§ **What needs to be done**:
Going down the listing below, print exactly each line from the one with "Детям в виде" up to and including the one with "For safe disposal", and skip the rest.

§ **Data extracts**:
== Segment start ==

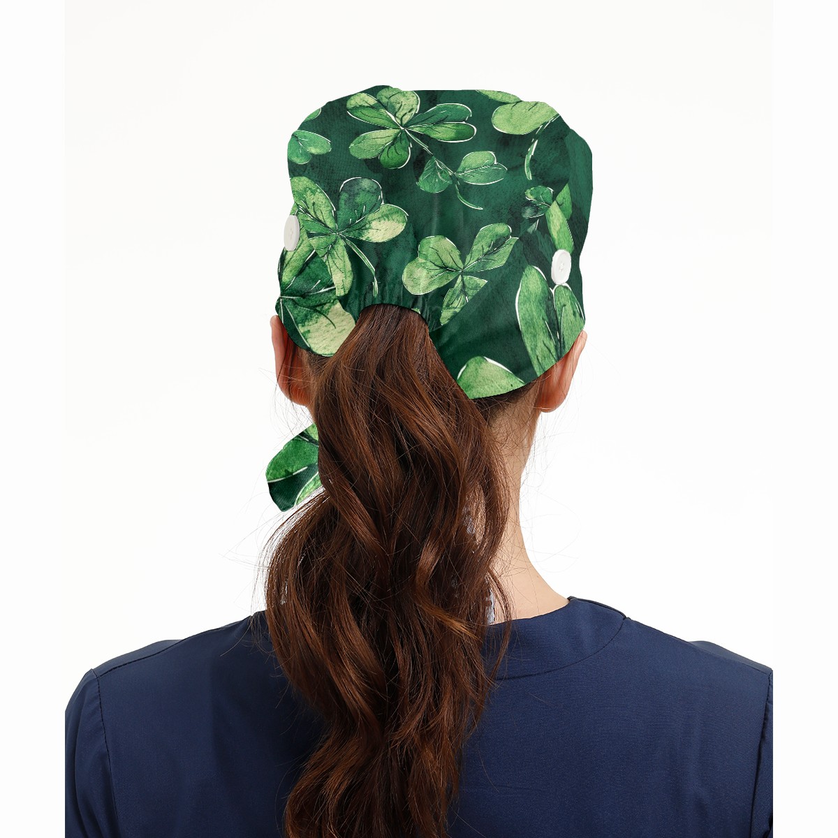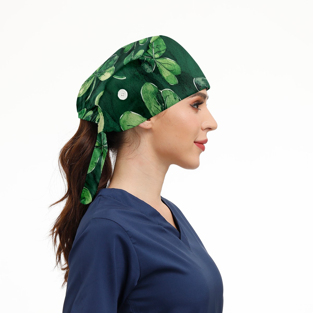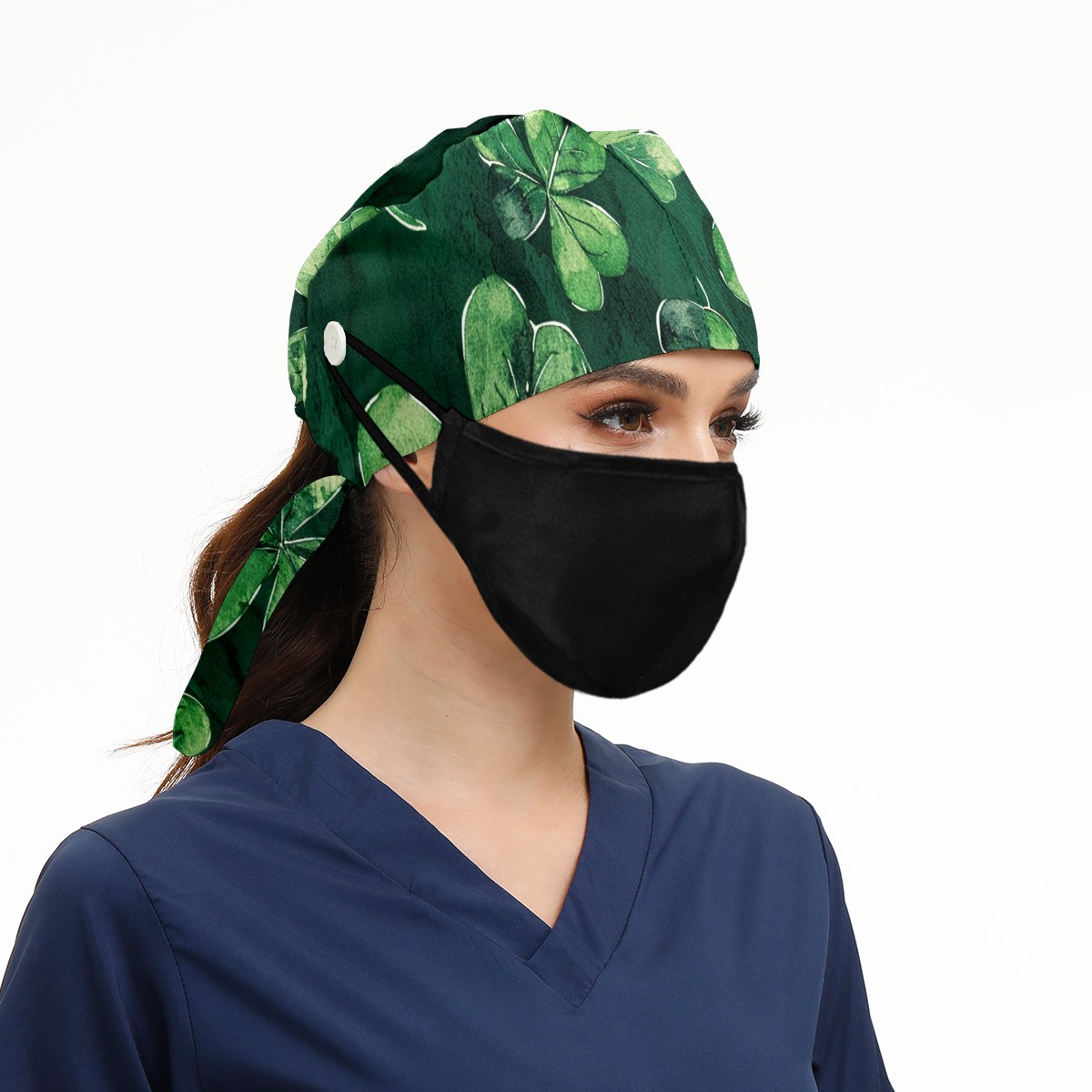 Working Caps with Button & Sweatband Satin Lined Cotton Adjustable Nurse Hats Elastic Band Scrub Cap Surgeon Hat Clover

== Segment end ==
== Segment start ==

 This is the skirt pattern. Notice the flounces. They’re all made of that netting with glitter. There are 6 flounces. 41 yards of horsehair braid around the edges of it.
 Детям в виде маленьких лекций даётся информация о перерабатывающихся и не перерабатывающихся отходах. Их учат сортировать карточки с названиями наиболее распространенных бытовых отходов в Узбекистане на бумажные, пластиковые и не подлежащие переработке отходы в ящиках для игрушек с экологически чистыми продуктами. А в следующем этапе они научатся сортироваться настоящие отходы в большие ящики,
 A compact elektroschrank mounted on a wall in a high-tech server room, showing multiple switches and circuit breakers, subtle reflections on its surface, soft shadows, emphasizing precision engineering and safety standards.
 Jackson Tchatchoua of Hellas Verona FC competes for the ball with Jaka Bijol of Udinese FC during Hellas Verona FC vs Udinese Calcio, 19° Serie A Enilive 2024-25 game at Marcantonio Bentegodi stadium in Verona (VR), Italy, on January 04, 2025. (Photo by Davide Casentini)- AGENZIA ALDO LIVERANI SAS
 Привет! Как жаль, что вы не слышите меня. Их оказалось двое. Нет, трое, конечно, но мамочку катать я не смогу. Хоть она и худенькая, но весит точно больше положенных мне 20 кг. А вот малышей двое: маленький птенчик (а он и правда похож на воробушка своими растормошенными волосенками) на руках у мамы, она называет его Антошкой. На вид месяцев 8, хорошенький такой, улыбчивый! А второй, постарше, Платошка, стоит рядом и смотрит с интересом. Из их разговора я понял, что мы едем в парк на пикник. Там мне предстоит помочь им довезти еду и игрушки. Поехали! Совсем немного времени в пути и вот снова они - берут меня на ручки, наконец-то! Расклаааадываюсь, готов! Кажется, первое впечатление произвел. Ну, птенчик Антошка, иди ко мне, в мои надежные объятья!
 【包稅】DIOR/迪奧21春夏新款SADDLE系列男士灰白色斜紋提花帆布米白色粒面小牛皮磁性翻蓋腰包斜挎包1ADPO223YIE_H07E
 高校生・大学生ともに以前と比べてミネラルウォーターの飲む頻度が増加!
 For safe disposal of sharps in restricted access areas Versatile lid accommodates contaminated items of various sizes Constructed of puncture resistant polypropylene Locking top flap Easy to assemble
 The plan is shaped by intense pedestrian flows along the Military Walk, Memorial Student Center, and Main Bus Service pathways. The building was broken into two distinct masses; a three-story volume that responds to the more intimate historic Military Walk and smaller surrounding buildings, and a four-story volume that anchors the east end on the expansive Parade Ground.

== Segment end ==
== Segment start ==

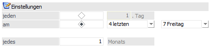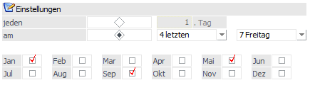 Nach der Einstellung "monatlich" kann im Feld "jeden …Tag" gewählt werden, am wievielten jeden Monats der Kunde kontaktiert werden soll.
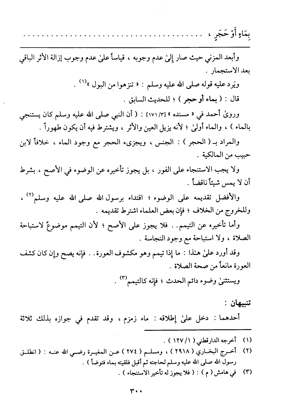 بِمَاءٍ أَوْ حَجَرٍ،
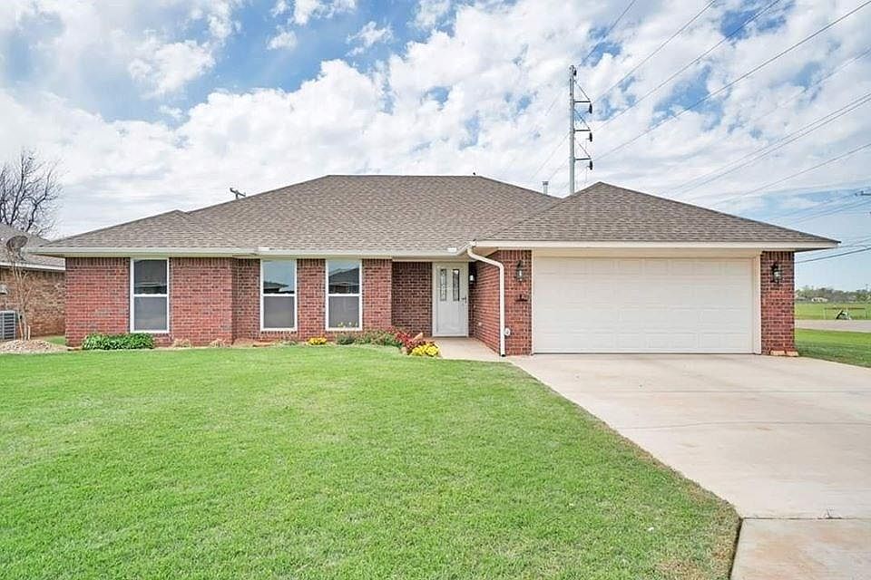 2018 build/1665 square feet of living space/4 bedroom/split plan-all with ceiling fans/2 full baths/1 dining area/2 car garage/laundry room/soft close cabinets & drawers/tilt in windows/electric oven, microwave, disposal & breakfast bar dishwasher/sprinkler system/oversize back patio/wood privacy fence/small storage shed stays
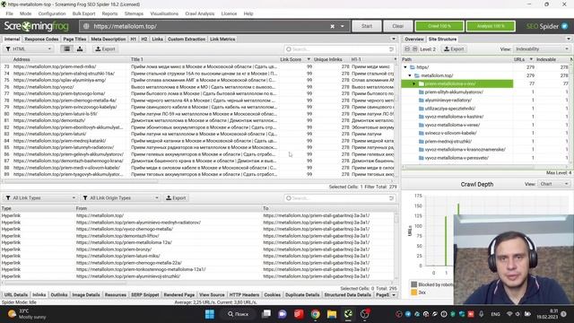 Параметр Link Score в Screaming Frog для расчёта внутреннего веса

== Segment end ==

§ **Task output**:
 Детям в виде маленьких лекций даётся информация о перерабатывающихся и не перерабатывающихся отходах. Их учат сортировать карточки с названиями наиболее распространенных бытовых отходов в Узбекистане на бумажные, пластиковые и не подлежащие переработке отходы в ящиках для игрушек с экологически чистыми продуктами. А в следующем этапе они научатся сортироваться настоящие отходы в большие ящики,
 A compact elektroschrank mounted on a wall in a high-tech server room, showing multiple switches and circuit breakers, subtle reflections on its surface, soft shadows, emphasizing precision engineering and safety standards.
 Jackson Tchatchoua of Hellas Verona FC competes for the ball with Jaka Bijol of Udinese FC during Hellas Verona FC vs Udinese Calcio, 19° Serie A Enilive 2024-25 game at Marcantonio Bentegodi stadium in Verona (VR), Italy, on January 04, 2025. (Photo by Davide Casentini)- AGENZIA ALDO LIVERANI SAS
 Привет! Как жаль, что вы не слышите меня. Их оказалось двое. Нет, трое, конечно, но мамочку катать я не смогу. Хоть она и худенькая, но весит точно больше положенных мне 20 кг. А вот малышей двое: маленький птенчик (а он и правда похож на воробушка своими растормошенными волосенками) на руках у мамы, она называет его Антошкой. На вид месяцев 8, хорошенький такой, улыбчивый! А второй, постарше, Платошка, стоит рядом и смотрит с интересом. Из их разговора я понял, что мы едем в парк на пикник. Там мне предстоит помочь им довезти еду и игрушки. Поехали! Совсем немного времени в пути и вот снова они - берут меня на ручки, наконец-то! Расклаааадываюсь, готов! Кажется, первое впечатление произвел. Ну, птенчик Антошка, иди ко мне, в мои надежные объятья!
 【包稅】DIOR/迪奧21春夏新款SADDLE系列男士灰白色斜紋提花帆布米白色粒面小牛皮磁性翻蓋腰包斜挎包1ADPO223YIE_H07E
 高校生・大学生ともに以前と比べてミネラルウォーターの飲む頻度が増加!
 For safe disposal of sharps in restricted access areas Versatile lid accommodates contaminated items of various sizes Constructed of puncture resistant polypropylene Locking top flap Easy to assemble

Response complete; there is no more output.